# Married and confused



## average schmo (Apr 23, 2013)

We've been together for 15 years, married for most of them and I wonder if we're at the end of the line. We're both in our early 40's and have 2 elementary school kids together. It's always been my intent to keep our family together no matter how bad things got but she likes to drop the "D" word during all of our recent disagreements and has requested that I take off for awhile on a couple of those occasions (but those are always at awkward times and where am I going to go without planning?). 

We started going to therapy about 5 years ago when I learned that she was having an online sex chat with some dude and were planning to meet for real. The physical affair never materialized and therapy set us on the right track... for awhile. 

We used to have boundaries where neither of us could make new friends of the opposite sex. I didn't have a problem with that but a few years later she is talking with at least 3 new guys. This came up in therapy and she said she'd drop 2 of them but the 3rd was ugly and a good friend. Turns out she had an affair with #3 (which she said only happened once) and was carrying on phone calls and emails afterwards. I've always been skeptical that it was just 1 guy, 1 time considering she lied about the 1 time for months when I suspected it and questioned her about it ("no, of course not"). I was lucky to get evidence from #3's wife of all places!

So after she copped to the affair (when confronted with the evidence), we spent plenty of more time in therapy. She convinced me not to leave and I didn't want to but my trust in her is not even close to where it should be. I tell her that I trust her, but deep down, I'd have to be crazy to actually do it.

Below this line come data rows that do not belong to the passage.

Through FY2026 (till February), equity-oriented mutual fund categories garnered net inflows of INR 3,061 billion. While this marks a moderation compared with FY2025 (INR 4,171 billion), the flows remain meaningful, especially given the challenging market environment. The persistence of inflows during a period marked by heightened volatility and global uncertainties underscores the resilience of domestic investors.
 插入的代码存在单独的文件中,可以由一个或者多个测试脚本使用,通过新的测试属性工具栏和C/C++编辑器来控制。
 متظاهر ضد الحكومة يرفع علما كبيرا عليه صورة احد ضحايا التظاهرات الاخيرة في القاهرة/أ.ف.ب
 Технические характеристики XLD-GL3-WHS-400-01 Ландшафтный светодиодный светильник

Her main issue with me is that I have a hard time communicating my feelings. I try, but it's just not in my nature. So she used that resentment of me to explain the affair. Although we've repaired some of the damage I certainly haven't forgotten and our sex life has suffered-- and it's mostly on me. I guess I'm just not into her the way I used to be, maybe the affair has made her less desirable to me. 

Over the years she's developed a book of resentments of me-- nothing I do is good enough, I'm not a good enough father, I'm not a good enough husband, my political views are too extreme for her .... we don't like the same music). Of course I take offense at most of that but I'm not supposed to be defensive in our talks. 

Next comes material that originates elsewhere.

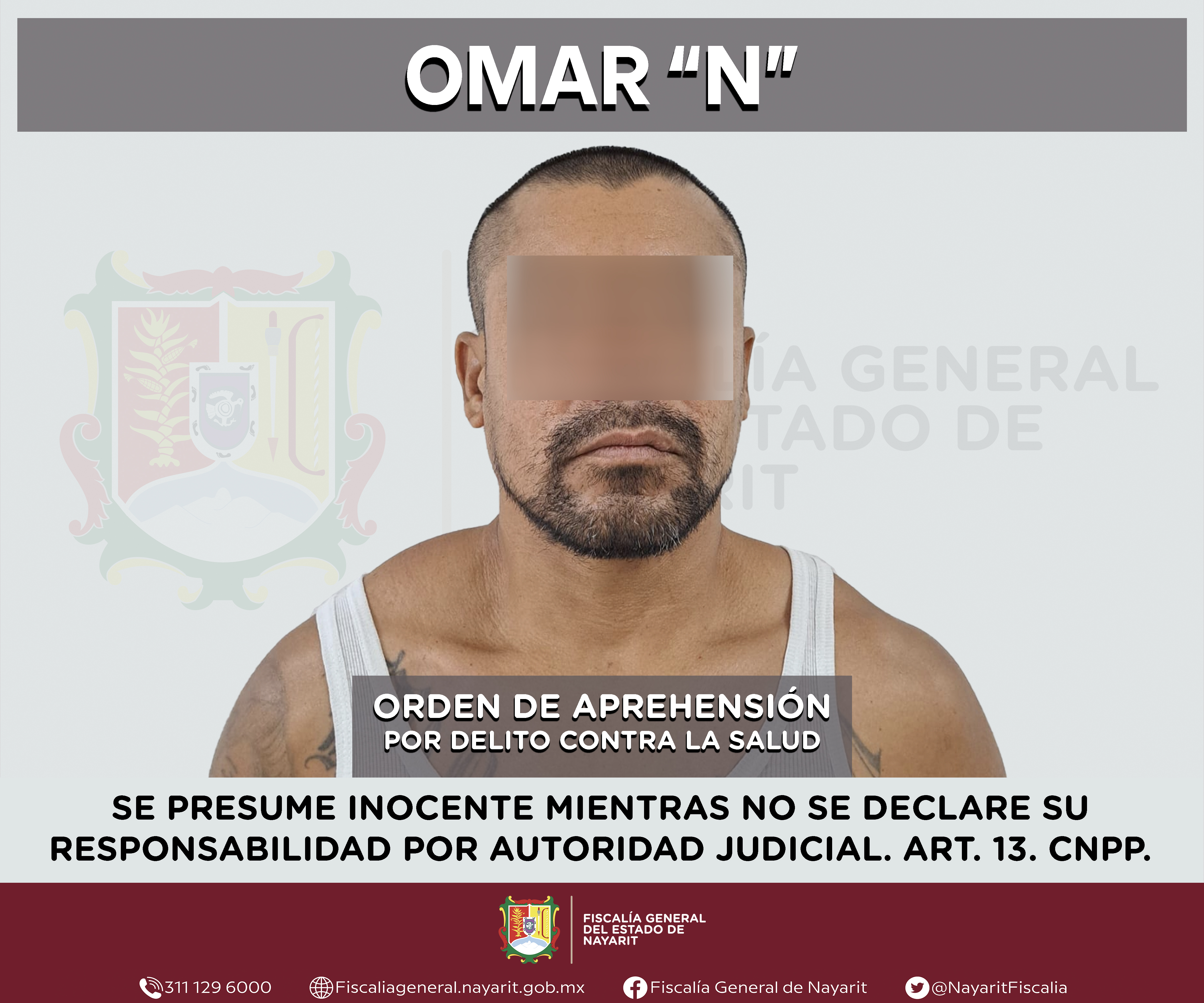 Elementos de la Agencia de Investigación Criminal de Nayarit ejecutaron una orden de aprehensión en la ciudad de Tepic contra Omar “N”, por su presunta participación en hechos que según valoración de la ley configuran el delito contra la salud e...

I'm not sure what I should do, stay, leave, wait for her to kick me to the curb? I'm not even sure what I want at this point.


----------



## john_lord_b3 (Jan 11, 2013)

Mr. Schmoe, seems like you have a major compatibility problems there, of which the only reasonable cure is divorce. So sorry for being pessimistic, I hope optimists people will chime in to counterbalance my pessimism.


----------



## Chris Taylor (Jul 22, 2010)

I guess the question is if she hates you so much and can't stand anything you do, why hasn't SHE left? I supposed she did, in a way, through the affairs.

Your problem with communication isn't going to help. You probably don't communicate boundaries very well and when they are breached, you don't communicate your displeasure well enough.

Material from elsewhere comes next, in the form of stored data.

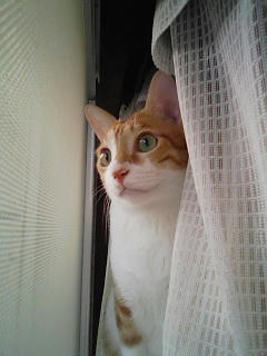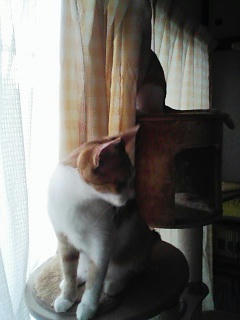 この時のゆずはおかんが携帯片手にウロウロしていたのでこっち側を向いていますが、おかんがノータッチの時はこの丸板の上か一段下の板辺りから外の様子を伺ってます。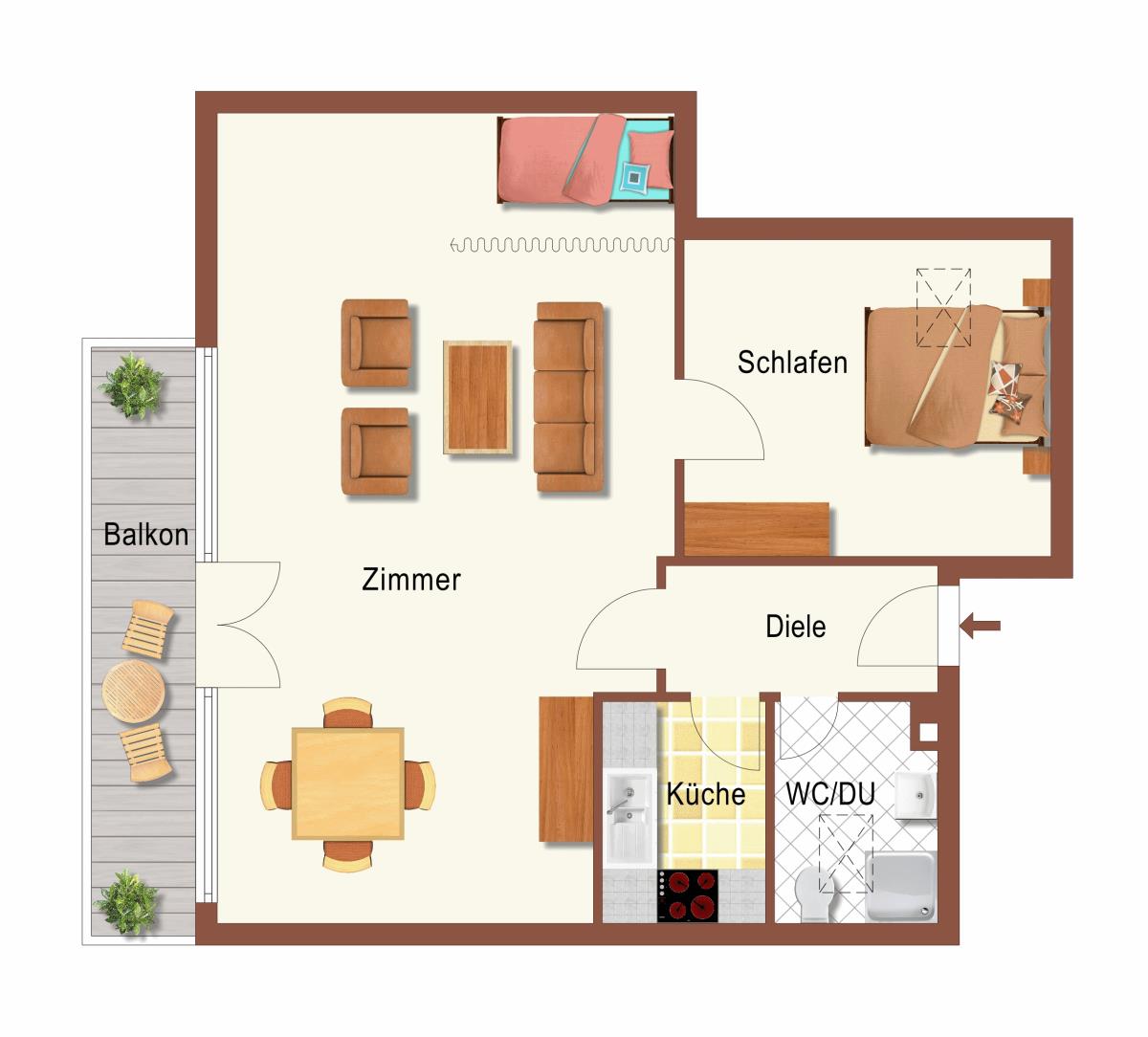 Die gemütliche und geschmackvoll eingerichtete Wohnung liegt in einem Mehrfamilienhaus in bayrischem Baustil in ruhiger und sonniger Lage.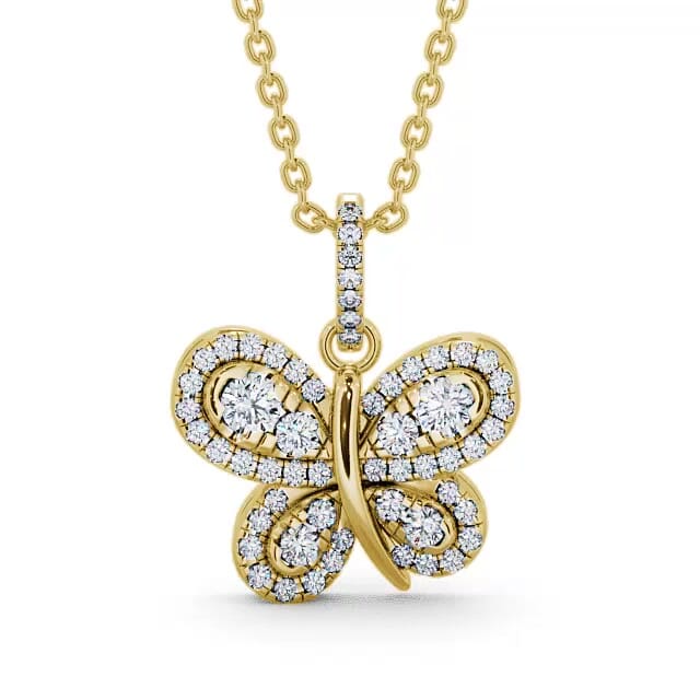 Winifred butterfly shaped diamond 0.55 Carat pendant in 9K Yellow Gold. Perfectly stunning, this pendant showcases beautiful butterfly design encrusted with dazzling round diamonds. This pendant is available in a range of metal and chain options with your choice of natural or lab grown diamonds. We offer a free design service for any customised changes that you may require.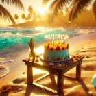 A vibrant beach scene at sunset features a colorful birthday cake on a wooden table, surrounded by tropical decorations, palm trees, and soft waves, creating a festive and serene atmosphere.
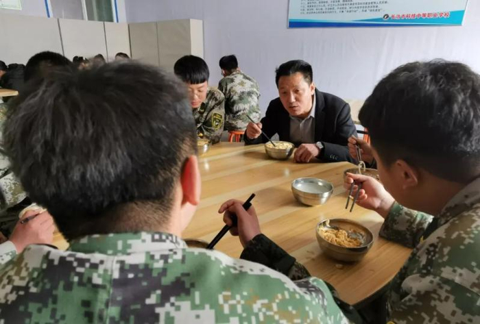 张俊成干的第一件事,是和学生们同吃同住。他把家安在了学校,把被子叠得像豆腐块,学生们早上6点集合跑操,他提前十分钟就站在了操场。吃饭时,他跟学生一起排队打饭、一个桌上吃饭。学生上晚自习,他就拿本书坐在一旁。学生课间打球,他就陪打,有时还故意输几个球……

john lord b3 may be right. It sounds like she's just pushing you and pushing you until you go for the divorce. I suggest that you start that discussion with her. See where it leads. If she readily accepts that divorce is coming, you know she doesn't love you enough to fight for you. If she changes her tune, you may have a chance.


----------



## Toffer (Jan 31, 2012)

Sorry Schmoo.

I really don't see a whole lot of positives to continuing this marriage.

She's cheated on you numerous times. She's destroyed your trust. She's put you at risk for STDs (BTW, have you been tested?) She's lied, has had nothing but disrespect for you for years now and she seems to hold YOU accountable for almost all the problems in the marriage? Oh Hel1 no!

It seems that your "undesirable" qualities of "hard time communicating your feelings" and "nothing I do is good enough, I'm not a good enough father, I'm not a good enough husband, my political views are too extreme for her .... we don't like the same music)"

Are you Fvcking kidding me? So in comparison, her multiple affairs and exposing you to a possible death sentence is her idea of an ideal mate (as long as he shares her love of her type of music)?

Sorry but I fail to see any redeeming qualities here


----------



## northland (Apr 13, 2012)

average schmo said:


> This came up in therapy and she said she'd drop 2 of them but the 3rd was ugly and a good friend.


Unacceptable. She cheated, she must do as you say in regard to ending communications with ALL of them. Besides, ugly guys have penises too.



average schmo said:


> Turns out she had an affair with #3


There you go. See my penis comment above. 



average schmo said:


> (which she said only happened once)


We _know_ it happened a lot more than once.



average schmo said:


> I tell her that I trust her


Why would you tell her you trust her when you don't for good reason?




average schmo said:


> So she used that resentment of me to explain the affair. [/qote]
> 
> She used the resentment as an excuse to justify the affair.
> 
> ...


----------



## average schmo (Apr 23, 2013)

northland said:


> Unacceptable. She cheated, she must do as you say in regard to ending communications with ALL of them. Besides, ugly guys have penises too.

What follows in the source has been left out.